**Task directions:**
Output everything in the data exactly, leaving the pictures out.

**Stored data:**
────────
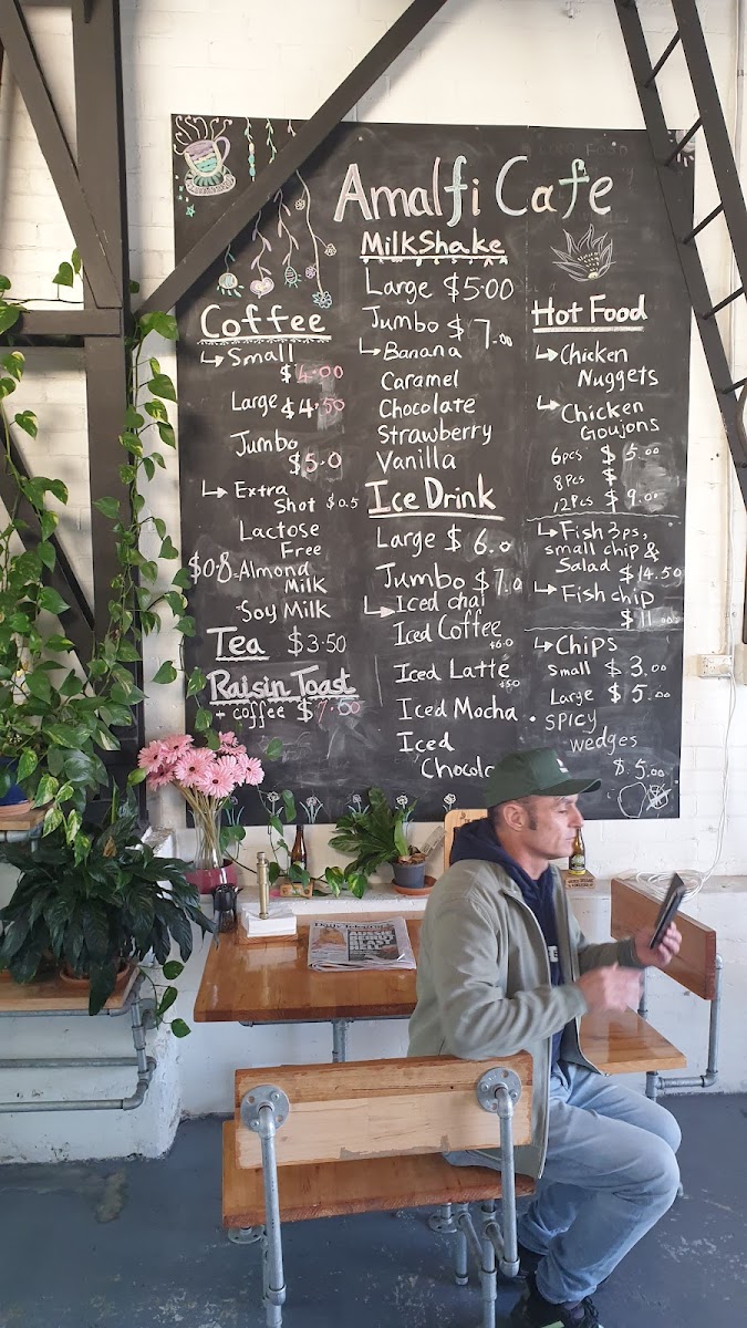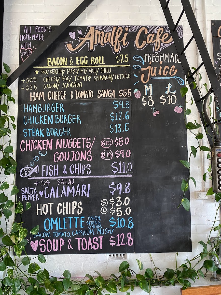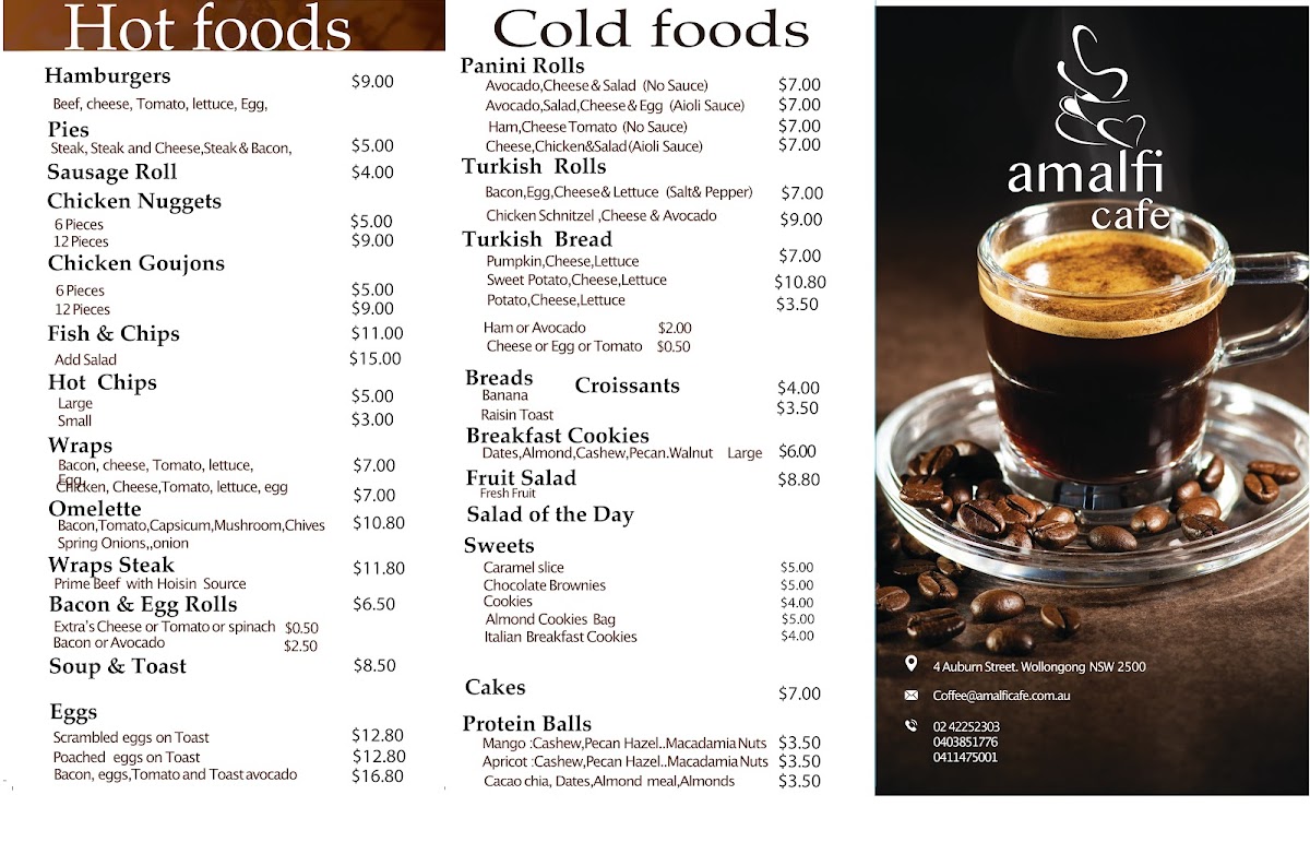 The menu at Amalfi Cafe and Coffee offers a selection suitable for breakfast, coffee breaks, and light meals throughout the day. The food options primarily include cafe-style dishes such as omelettes and sandwiches, as well as traditional takeout items like fish and chips served with a side salad. The beverage choices focus on various coffee preparations, including espresso-based drinks like cappuccino.
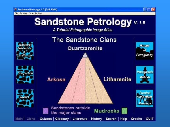 Sandstone Clans Quartzarenite Arkose Litharenite Goals Provenance Diagenesis Tutorial Browse Quiz Other sandstones Mudrocks
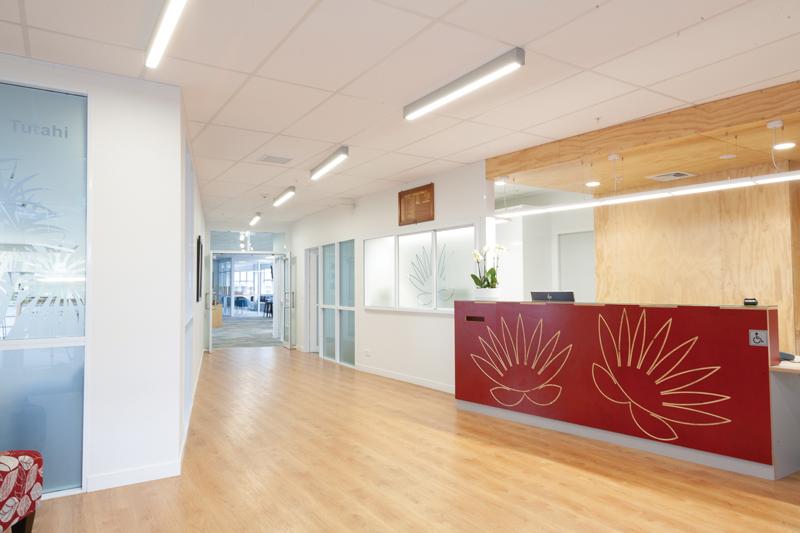 The breakout spaces use the image of a tree house and the cabbage tree theme is carried through in the design.
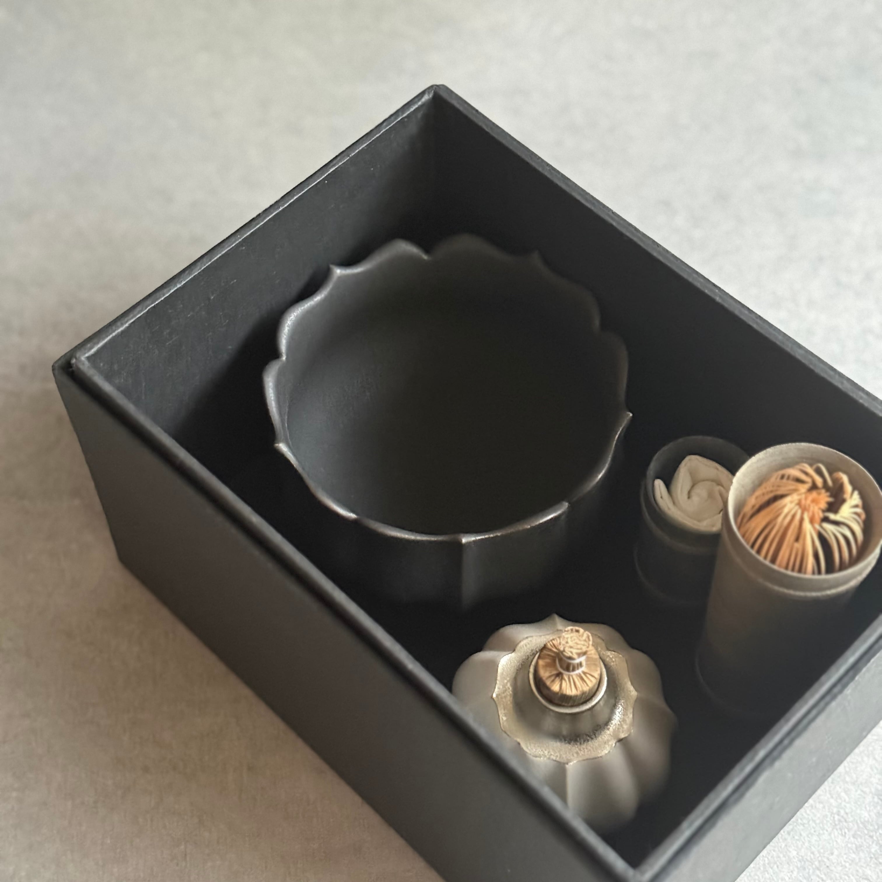 白と黒を基調としたマットな釉薬や華やかな銀彩が心躍るモダンな器は、設えに花を添え、おもてなしにも重宝します。彫刻のように深い陰陽が際立つ優雅なフォルム、可憐な植物を思わせる輪郭は美しさが際立ち、日常をよりエレガントに演出してくれる存在です。
────────
**Output of the task:**
 The menu at Amalfi Cafe and Coffee offers a selection suitable for breakfast, coffee breaks, and light meals throughout the day. The food options primarily include cafe-style dishes such as omelettes and sandwiches, as well as traditional takeout items like fish and chips served with a side salad. The beverage choices focus on various coffee preparations, including espresso-based drinks like cappuccino.
 Sandstone Clans Quartzarenite Arkose Litharenite Goals Provenance Diagenesis Tutorial Browse Quiz Other sandstones Mudrocks
 The breakout spaces use the image of a tree house and the cabbage tree theme is carried through in the design.
 白と黒を基調としたマットな釉薬や華やかな銀彩が心躍るモダンな器は、設えに花を添え、おもてなしにも重宝します。彫刻のように深い陰陽が際立つ優雅なフォルム、可憐な植物を思わせる輪郭は美しさが際立ち、日常をよりエレガントに演出してくれる存在です。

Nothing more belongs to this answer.